Pretty Much All Computer Code Can Be Hijacked by Newly Discovered ‘Trojan Source’ Exploit

Pretty Much All Computer Code Can Be Hijacked by Newly Discovered ‘Trojan Source’ Exploit

A new study shows that pretty much all of the world’s computer code is vulnerable to a sneaky kind of exploit, the likes of which could (in the worst-case scenario) result in large-scale supply chain attacks.

The flaw in question was uncovered by researchers at the University of Cambridge in England, who have taken to calling it the “Trojan Source” vulnerability. Specifically, “Trojan” affects what are known as coding compilers — key pieces of software that help human-written source code execute on the machines on which it runs.

When software is developed, programmers write it in a human-readable language — called “high-level” code. This includes stuff like Java, C++, Python, and so on. However, for the script’s instructions to actually be internalized and executed by a computer, it has to be translated into a machine-readable format consisting purely of binary bits — often called “machine code.” This is where compilers come in. They effectively act as intermediaries between human and machine, translating one language into another.

Unfortunately, as the new study shows, they can also be hijacked fairly easily. According to researchers’ findings, pretty much all compilers have a bug in them that, when properly exploited, allows them to be invisibly commandeered for malicious purposes. With the exploit, a bad actor could hypothetically feed machines code that was different than what was originally intended — effectively overriding the instructions in a program.

As such, “Trojan” could hypothetically be used to instigate large-scale supply chain attacks.
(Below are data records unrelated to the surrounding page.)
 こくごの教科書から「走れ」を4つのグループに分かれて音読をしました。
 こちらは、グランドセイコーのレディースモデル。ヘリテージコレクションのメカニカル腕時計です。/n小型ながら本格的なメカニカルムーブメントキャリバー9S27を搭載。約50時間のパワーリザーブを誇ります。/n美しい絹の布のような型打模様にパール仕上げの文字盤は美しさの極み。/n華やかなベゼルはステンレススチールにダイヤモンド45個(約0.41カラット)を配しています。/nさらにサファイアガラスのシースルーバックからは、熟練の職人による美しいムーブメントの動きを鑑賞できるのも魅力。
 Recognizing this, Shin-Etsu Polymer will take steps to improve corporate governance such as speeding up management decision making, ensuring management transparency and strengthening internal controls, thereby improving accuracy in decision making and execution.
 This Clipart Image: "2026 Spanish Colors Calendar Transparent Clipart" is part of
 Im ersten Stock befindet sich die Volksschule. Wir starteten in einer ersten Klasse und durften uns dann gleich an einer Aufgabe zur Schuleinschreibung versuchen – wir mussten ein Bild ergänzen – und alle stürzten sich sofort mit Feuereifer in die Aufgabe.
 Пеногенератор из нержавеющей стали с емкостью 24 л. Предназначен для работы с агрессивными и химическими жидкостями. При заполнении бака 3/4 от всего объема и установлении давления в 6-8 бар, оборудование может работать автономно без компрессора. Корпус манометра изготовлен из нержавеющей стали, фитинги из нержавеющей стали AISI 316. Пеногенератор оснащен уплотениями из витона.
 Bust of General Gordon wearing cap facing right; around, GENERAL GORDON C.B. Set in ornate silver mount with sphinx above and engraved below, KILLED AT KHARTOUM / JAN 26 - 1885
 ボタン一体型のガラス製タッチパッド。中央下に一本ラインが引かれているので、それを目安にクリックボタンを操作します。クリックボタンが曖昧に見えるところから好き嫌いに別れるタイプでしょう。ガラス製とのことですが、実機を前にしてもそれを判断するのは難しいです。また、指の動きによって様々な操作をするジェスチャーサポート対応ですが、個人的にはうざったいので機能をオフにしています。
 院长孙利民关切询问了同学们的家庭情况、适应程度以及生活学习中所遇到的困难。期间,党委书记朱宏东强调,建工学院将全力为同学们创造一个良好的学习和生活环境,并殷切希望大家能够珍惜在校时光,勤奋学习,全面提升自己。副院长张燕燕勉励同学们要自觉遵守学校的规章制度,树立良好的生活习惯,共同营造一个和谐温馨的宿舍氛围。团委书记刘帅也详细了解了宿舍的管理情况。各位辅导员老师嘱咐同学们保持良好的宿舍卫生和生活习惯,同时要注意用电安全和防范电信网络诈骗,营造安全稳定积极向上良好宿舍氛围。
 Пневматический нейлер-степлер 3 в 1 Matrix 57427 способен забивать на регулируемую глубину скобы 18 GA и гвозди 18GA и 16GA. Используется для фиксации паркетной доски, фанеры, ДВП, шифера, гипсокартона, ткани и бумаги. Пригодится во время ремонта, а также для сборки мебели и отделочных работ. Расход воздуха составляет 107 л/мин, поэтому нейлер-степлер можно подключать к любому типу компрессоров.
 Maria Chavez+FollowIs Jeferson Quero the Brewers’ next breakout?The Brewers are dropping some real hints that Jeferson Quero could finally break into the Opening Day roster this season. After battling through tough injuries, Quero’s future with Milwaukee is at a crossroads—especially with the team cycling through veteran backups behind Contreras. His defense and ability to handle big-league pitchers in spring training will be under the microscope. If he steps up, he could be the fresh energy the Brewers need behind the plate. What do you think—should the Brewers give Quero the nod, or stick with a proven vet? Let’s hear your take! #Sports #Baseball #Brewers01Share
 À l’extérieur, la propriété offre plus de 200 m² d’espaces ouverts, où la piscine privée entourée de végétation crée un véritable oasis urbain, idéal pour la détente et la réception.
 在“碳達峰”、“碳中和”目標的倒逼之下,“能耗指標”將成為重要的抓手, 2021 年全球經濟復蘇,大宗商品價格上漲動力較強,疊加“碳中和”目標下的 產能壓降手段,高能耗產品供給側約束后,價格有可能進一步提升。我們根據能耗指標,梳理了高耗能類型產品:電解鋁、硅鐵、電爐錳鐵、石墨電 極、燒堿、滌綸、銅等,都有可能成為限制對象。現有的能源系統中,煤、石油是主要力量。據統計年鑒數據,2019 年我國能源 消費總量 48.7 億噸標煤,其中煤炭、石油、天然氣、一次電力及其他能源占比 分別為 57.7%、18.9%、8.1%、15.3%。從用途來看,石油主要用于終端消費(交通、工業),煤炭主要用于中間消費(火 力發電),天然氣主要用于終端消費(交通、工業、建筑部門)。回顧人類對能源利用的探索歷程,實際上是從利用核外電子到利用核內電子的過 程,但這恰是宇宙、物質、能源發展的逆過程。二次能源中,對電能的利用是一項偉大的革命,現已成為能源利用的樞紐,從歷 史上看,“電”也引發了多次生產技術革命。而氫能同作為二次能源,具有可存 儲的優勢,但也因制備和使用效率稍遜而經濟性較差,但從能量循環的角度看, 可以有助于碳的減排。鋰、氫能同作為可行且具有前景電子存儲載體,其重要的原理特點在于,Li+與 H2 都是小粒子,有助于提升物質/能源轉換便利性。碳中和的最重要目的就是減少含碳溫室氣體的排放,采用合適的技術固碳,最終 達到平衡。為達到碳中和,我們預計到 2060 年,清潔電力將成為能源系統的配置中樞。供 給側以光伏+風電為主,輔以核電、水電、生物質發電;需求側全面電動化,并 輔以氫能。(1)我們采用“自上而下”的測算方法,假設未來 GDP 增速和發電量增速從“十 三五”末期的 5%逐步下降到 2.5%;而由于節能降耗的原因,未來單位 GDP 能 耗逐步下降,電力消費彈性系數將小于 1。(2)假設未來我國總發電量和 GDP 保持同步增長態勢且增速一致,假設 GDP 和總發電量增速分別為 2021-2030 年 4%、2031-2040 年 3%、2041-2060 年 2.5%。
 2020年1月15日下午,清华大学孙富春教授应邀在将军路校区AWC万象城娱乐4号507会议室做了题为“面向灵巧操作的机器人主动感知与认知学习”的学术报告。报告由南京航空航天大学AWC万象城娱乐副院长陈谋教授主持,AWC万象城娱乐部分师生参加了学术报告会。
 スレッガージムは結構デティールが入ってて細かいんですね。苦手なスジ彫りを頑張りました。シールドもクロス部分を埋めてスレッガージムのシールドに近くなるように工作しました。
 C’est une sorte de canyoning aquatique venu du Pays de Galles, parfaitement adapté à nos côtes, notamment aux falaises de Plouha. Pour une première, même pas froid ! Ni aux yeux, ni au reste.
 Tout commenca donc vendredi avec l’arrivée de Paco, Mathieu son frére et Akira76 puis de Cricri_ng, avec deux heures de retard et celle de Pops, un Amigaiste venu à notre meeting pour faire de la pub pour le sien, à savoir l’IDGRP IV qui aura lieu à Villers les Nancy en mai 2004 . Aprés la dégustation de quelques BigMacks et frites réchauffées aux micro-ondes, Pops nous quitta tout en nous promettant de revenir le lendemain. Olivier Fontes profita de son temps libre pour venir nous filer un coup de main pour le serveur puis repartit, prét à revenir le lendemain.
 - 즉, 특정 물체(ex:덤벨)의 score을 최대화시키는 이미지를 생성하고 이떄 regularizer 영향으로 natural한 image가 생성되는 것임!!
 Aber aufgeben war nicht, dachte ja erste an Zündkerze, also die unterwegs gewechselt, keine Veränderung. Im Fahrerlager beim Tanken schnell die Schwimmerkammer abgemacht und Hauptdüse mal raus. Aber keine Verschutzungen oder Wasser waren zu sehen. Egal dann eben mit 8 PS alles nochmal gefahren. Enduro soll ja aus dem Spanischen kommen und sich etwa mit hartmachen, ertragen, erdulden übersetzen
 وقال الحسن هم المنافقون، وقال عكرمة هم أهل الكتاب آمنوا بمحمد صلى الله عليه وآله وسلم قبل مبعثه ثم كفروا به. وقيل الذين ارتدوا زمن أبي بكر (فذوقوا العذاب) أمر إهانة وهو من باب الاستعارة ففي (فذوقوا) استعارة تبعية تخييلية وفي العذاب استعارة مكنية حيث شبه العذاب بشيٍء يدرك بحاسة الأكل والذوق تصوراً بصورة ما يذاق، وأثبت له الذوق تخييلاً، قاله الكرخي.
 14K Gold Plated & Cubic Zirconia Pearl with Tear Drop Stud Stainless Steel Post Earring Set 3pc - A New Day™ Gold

Such attacks — like the recent SolarWinds campaign — involve the silent deployment of malicious programming into software products as a vector for compromising specific targets’ systems and networks. In theory, hackers could use this exploit to encode vulnerabilities into entire software ecosystems, thus allowing them to be used for more targeted hacking. As such, the vulnerability poses “an immediate threat,” researchers write — and could threaten “supply-chain compromise across the industry.”

The paper suggest implementing various new protections specifically aimed at defending compilers as a means of heading off this big new problem. Cybersecurity reporter Brian Krebs has reported that, as a result of the paper, some organisations have already promised to issue patches related to “Trojan.” However, others are reportedly “dragging their feet.”

“The fact that the Trojan Source vulnerability affects almost all computer languages makes it a rare opportunity for a system-wide and ecologically valid cross-platform and cross-vendor comparison of responses,” the paper states. “As powerful supply-chain attacks can be launched easily using these techniques, it is essential for organisations that participate in a software supply chain to implement defences.”